If successful, the case now before the Supreme Court may see a reduction in the number of people considered to be deprived of their liberty for the purposes of Article 5 of the European Convention on Human Rights. Some charities are concerned that a successful appeal will be dangerous for disabled people.
This blog is intended to give background to the Supreme Court case by explaining how “deprivation of liberty” is defined in law, what the Supreme Court decided in the Cheshire West case, and what the implications of that judgment were.
I have an academic interest in this area. A chapter of my PhD thesis considers deprivations of liberty, meaning that I’ve spent a lot of time (perhaps more than I’d like to admit) thinking about the Cheshire West judgment. I’ll draw on some of that research in this blog.
First, I will explain Article 5 of the European Convention on Human Rights, and the case of HL v UK. Next, I will explain how that case led to the creation of the DoLS system. Then, I will set out the Supreme Court’s reasoning in Cheshire West.
Following the Cheshire West judgment, there was an almost immediate reaction from the Court of Protection. The next two parts of the blog will therefore detail the introduction of the Re X procedure (for deprivations of liberty of those living in a community setting) as well as Mr Justice Mostyn’s view that the Supreme Court reached the wrong conclusion.

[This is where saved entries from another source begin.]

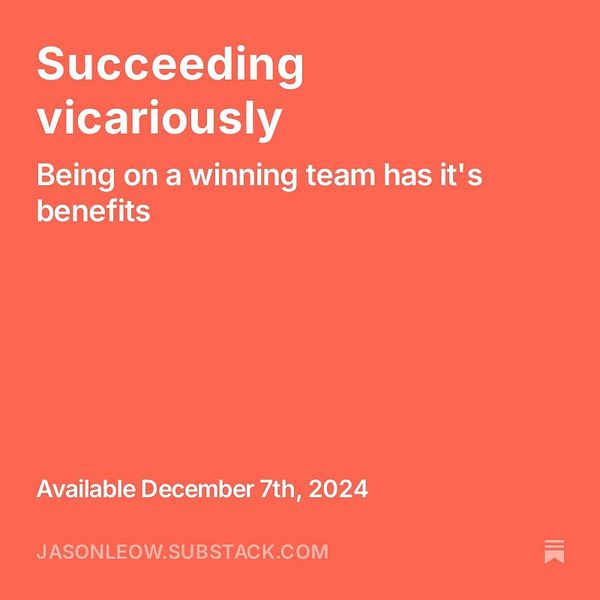 Published weekly Saturday newsletter - Succeeding vicariously - jasonleow.substack.com/p/succ… #indiejourney
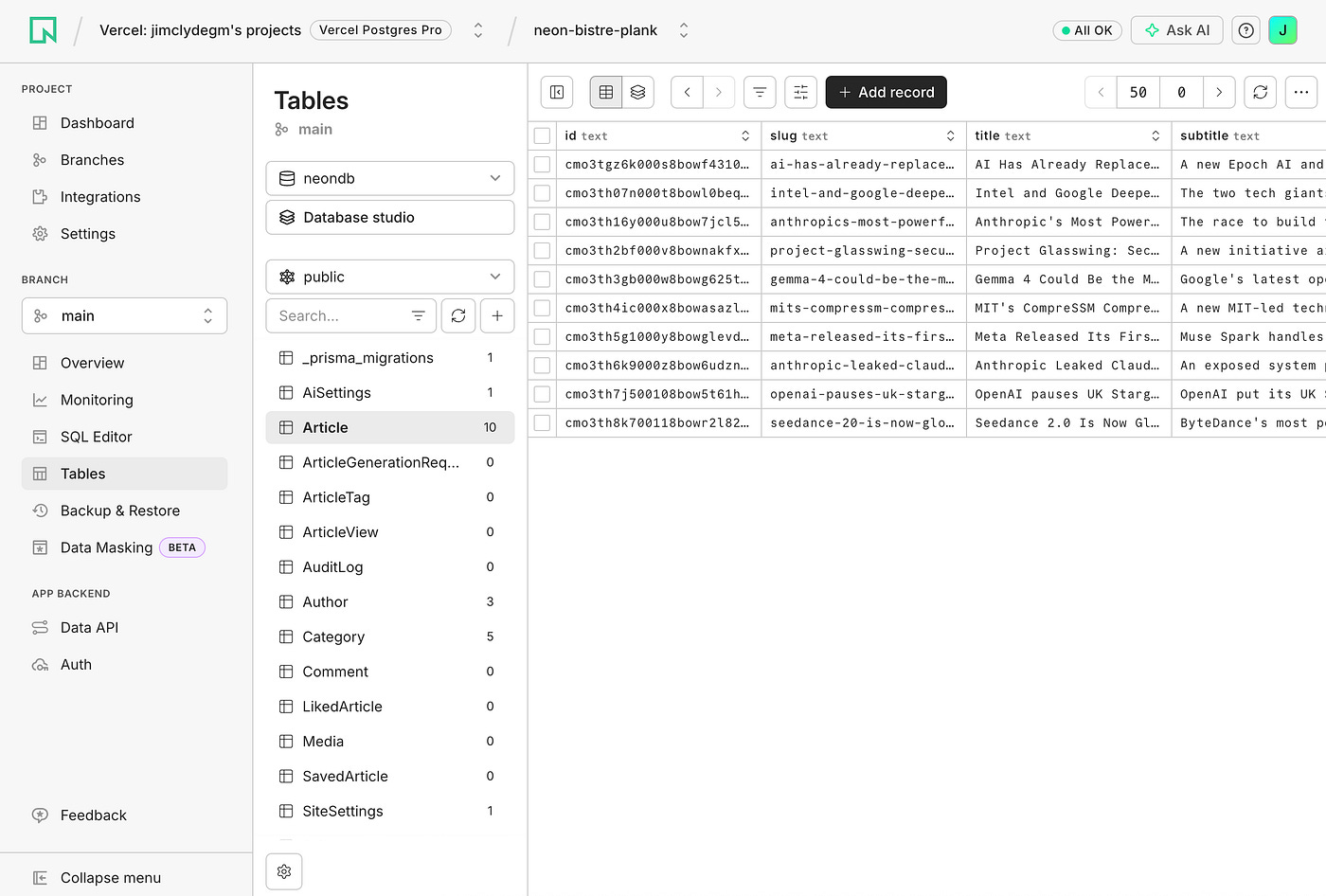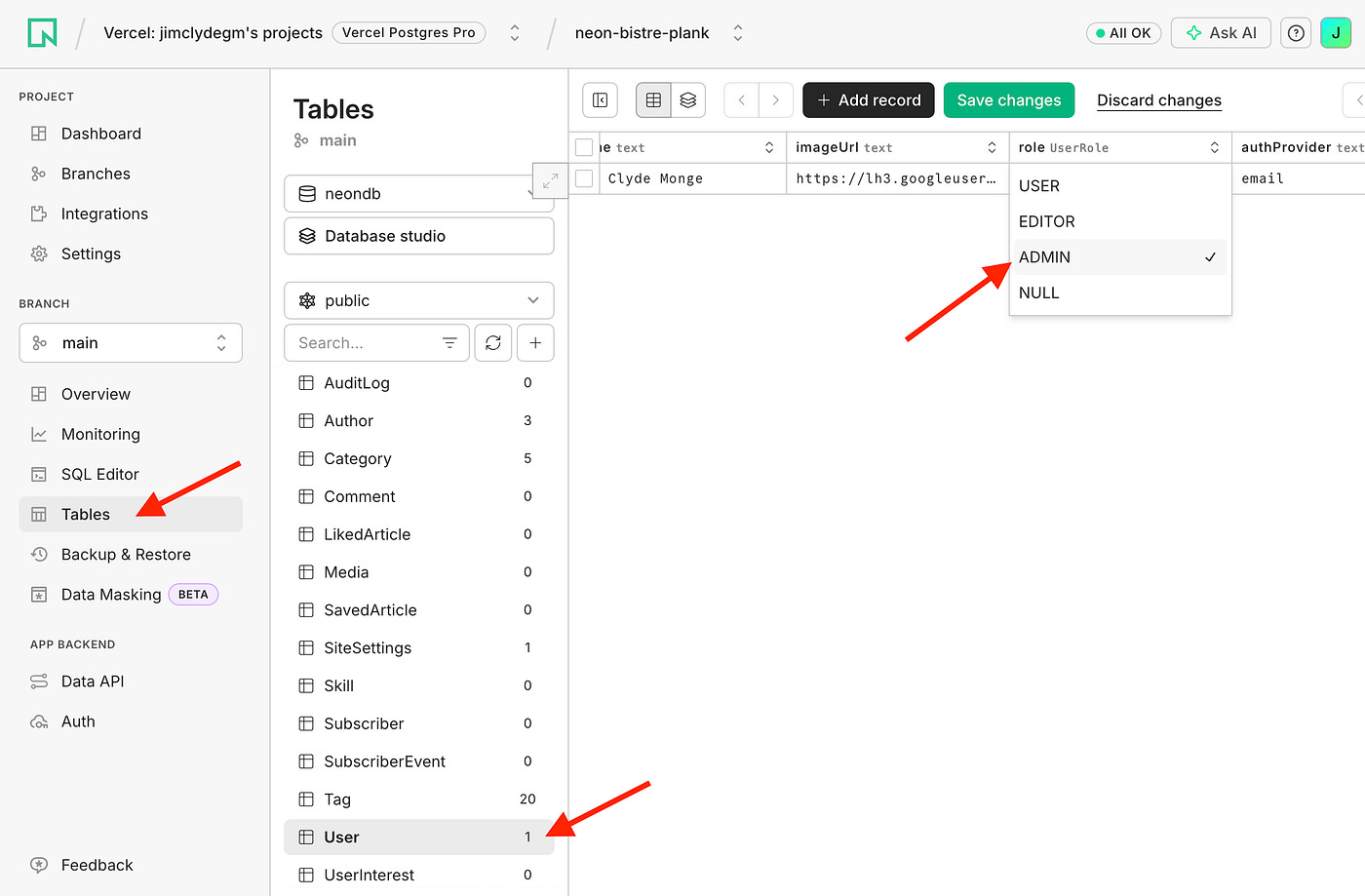 Next, test the AI article generation flow. To do this, we need to see an admin user. In the Neon User table, change the user role to Admin.
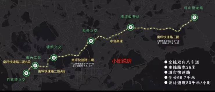 高速方面:距离深圳外环高速坪山高速入口2.8公里,上高速7,8分钟,外环高速可直达深圳宝安,光明,只要50分钟到1个小时20分钟!到深圳龙岗只要20分钟!
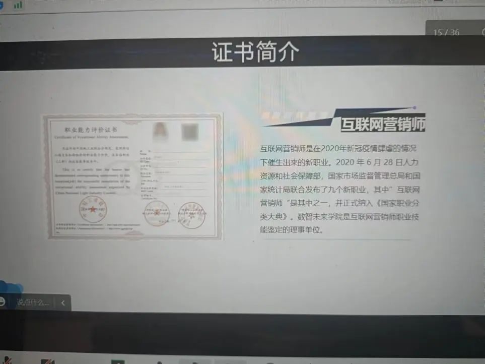 数智未来学院校长陈伟介绍了学院的发展情况,并对互联网营销师这一职业概念和和目前电商的市场环境进行了分析,表示陕西省旅游摄影协会手机摄影分会和数智未来学院均愿意为汉阴县巾帼电商的培训工作贡献力量。
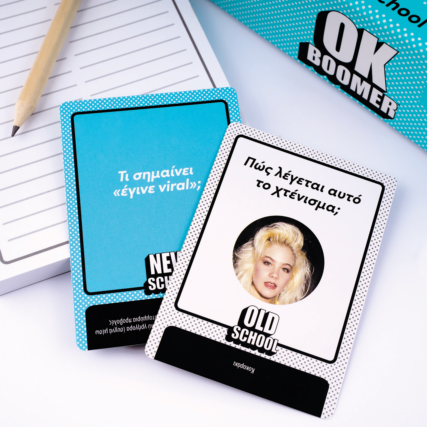 Old School VS New School trivia game! Δοκιμάστε τις γνώσεις σας σχετικά με θέματα που αφορούν τη γενιά της αντίπαλης ομάδας. Παίξτε σε ομάδες βάσει γενεών ή αν είστε όλοι στην ίδια ηλικία, παίξτε ατομικά! Ένα απίστευτα διασκεδαστικό παιχνίδι γνώσεων, διαφορετικό από όσα κυκλοφορούν αφού περιέχει εικονογραφημένες κάρτες και καθόλου βαρετές ερωτήσεις! – Old School: Περιλαμβάνει τους λεγόμενους Boomers και τη γενιά Χ. Ή αλλιώς, όσους και όσες γεννήθηκαν πριν από το 1980. – New School: Περιλαμβάνει τους λεγόμενους Millennials και τη γενιά Z. Ή αλλιώς, όσους και όσες γεννήθηκαν από το 1980 και μετά. Εσύ σε ποια γενιά ανήκεις; Πόσα γνωρίζεις για την αντίπαλη γενιά; Αριθμός Παικτών: 2-8 Καταλληλότητα Ηλικίας: 16+ Χρονών Το παιχνίδι περιλαμβάνει Κάρτες ερωτήσεων Μπλοκ βαθμολογίας Μολύβια
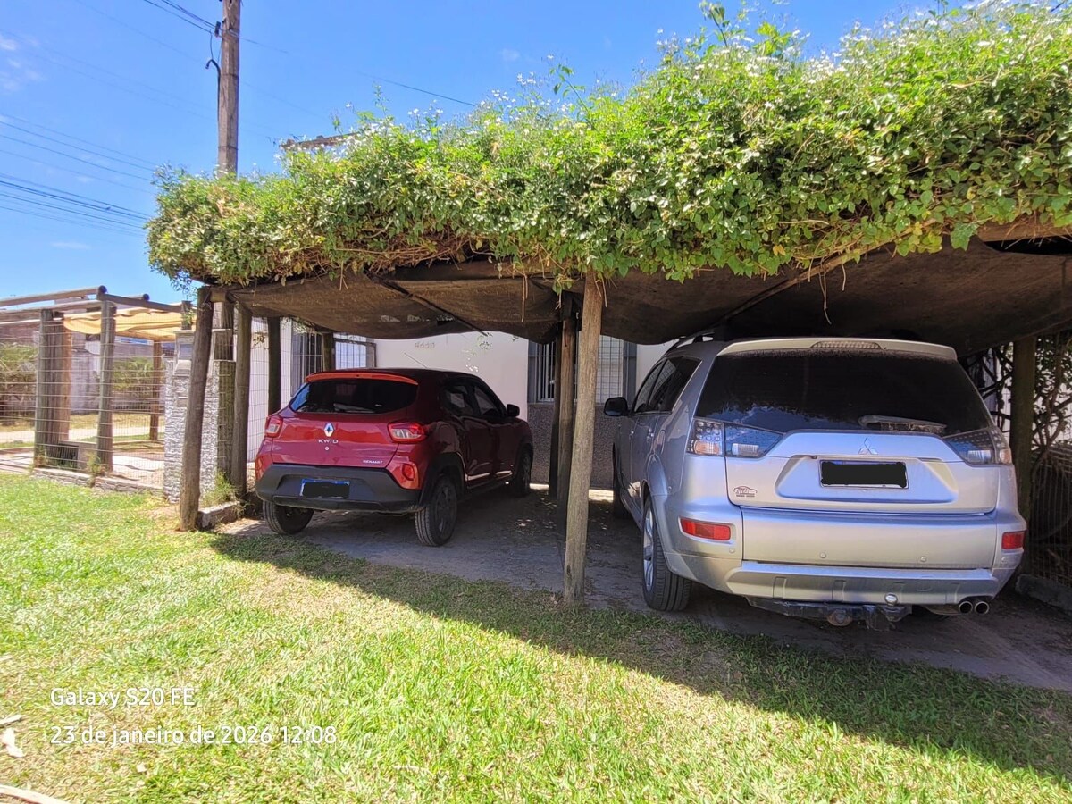 PASSE DIAS TRANQUILOS E ACONCHEGANTES NO CASSINO! Casa tranquila e acolhedora para ATÉ 6 PESSOAS (incluindo crianças de qualquer idade). Recém-reformada, com 3 quartos (cama box e guarda-roupas), sala com TV smart, e área integrada de copa e cozinha com mesa para 6. Banho à gás e calefator garantem conforto no inverno. Taças de vinho e espumante. Pátio com banheiro completo, lavanderia, e garagem coberta com churrasqueira. Próxima à praia, perfeita para todas as estações. *Não fornecemos lenha.
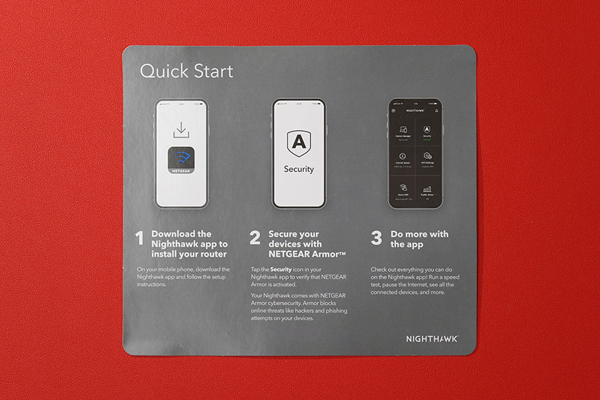 넷기어 RAX50 공유기의 구성품을 살펴보면 나이트호크 전용 앱을 이용해서 초기 설정을 진행할 수 있다는 문구 적혀 있는 빠른 시작 가이드가 한 장 제공됩니다. 참고로 정식 발매 버전은 한국어로 설명되어 있습니다.
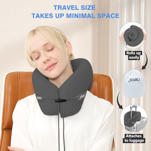 jiaao Upgraded Middle Memory Foam Travel Neck Pillow for Airplane- 360° Ergonomic Head and Neck Support for Flight, Car, Train, Bus – Soft Travel Pillow for Side & Back Sleepers with Travel Pouch
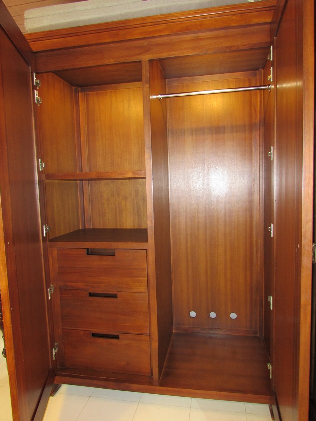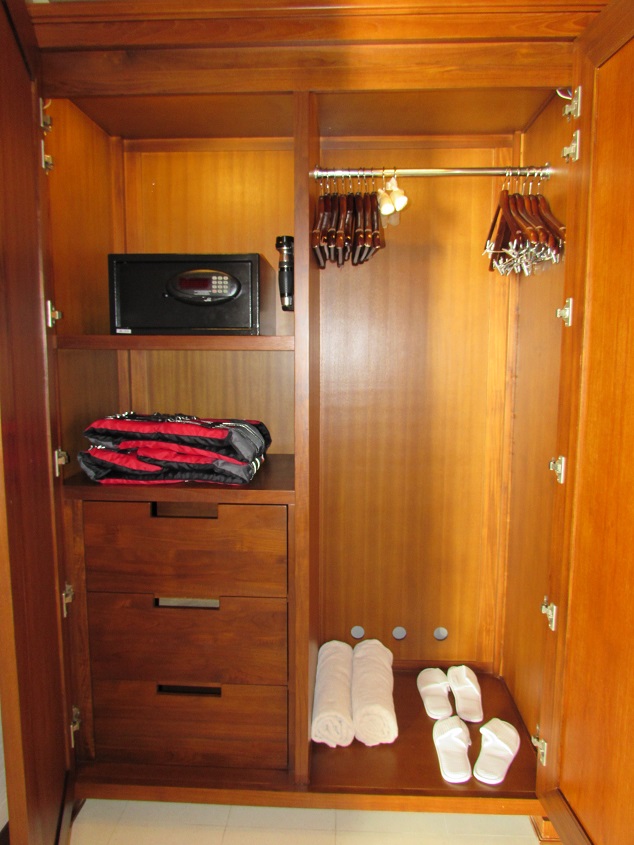왼쪽장에는 금고와 손전등 라이프자켓 ,슬리퍼와 비치타월이 있습니다
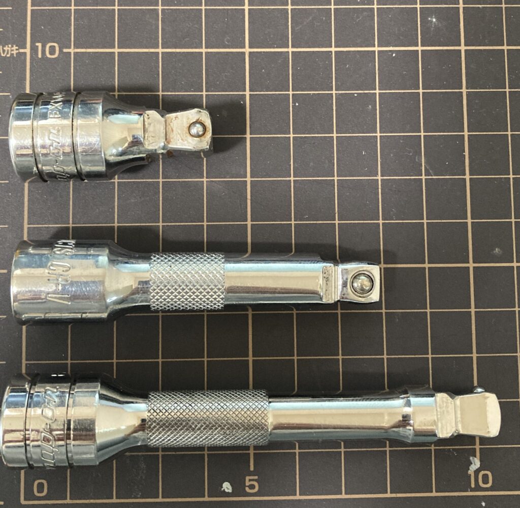 14mmのプラグソケットに一番短いエクステをさらに短いエクステを挿し。下まで落ちたらもう一本エクステを挿してラチェットをあとからつけます。
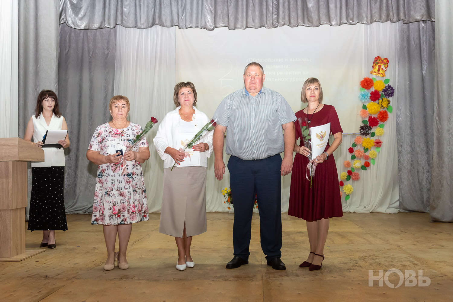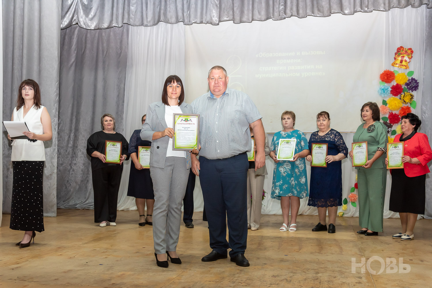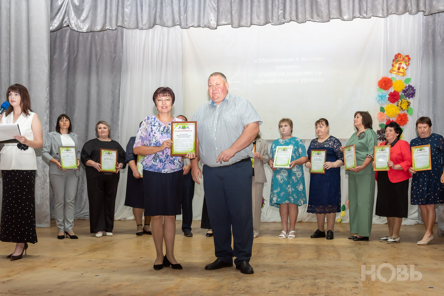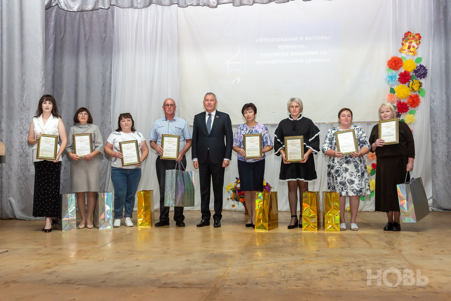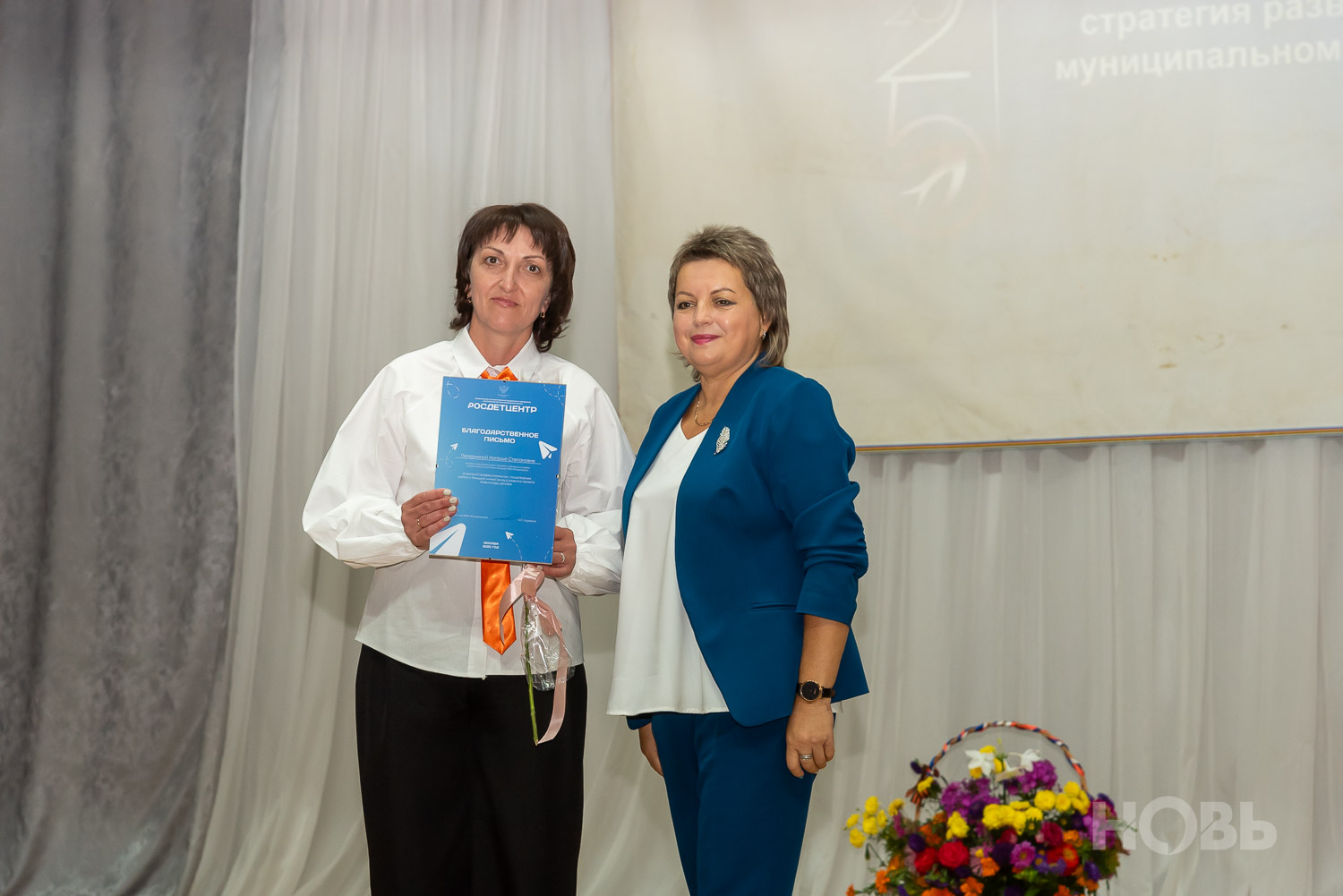С приветственным словом к учителям обратился глава района Дмитрий Мануковский. Он поздравил педагогов с началом учебного года, пожелал успехов и здоровья, а также вручил ряд наград: свидетельство о присвоении звания «Почётный работник сферы образования РФ» Валентине Маршовой, почётные грамоты и благодарности - заслуженным педагогам района.

One criticism that Mostyn J had of Cheshire West was that it had significant resource implications. I conclude this blog by demonstrating that this was accurate, and also that one result of this is that a significant number of people are now unlawfully deprived of their liberty – by which I mean not just that many are without the requisite authorisation but also – in an unknown number of cases, that people with capacity to make their own decisions about where to live and receive care, and people living in accommodation that is not in their best interests, are likely to have been overlooked.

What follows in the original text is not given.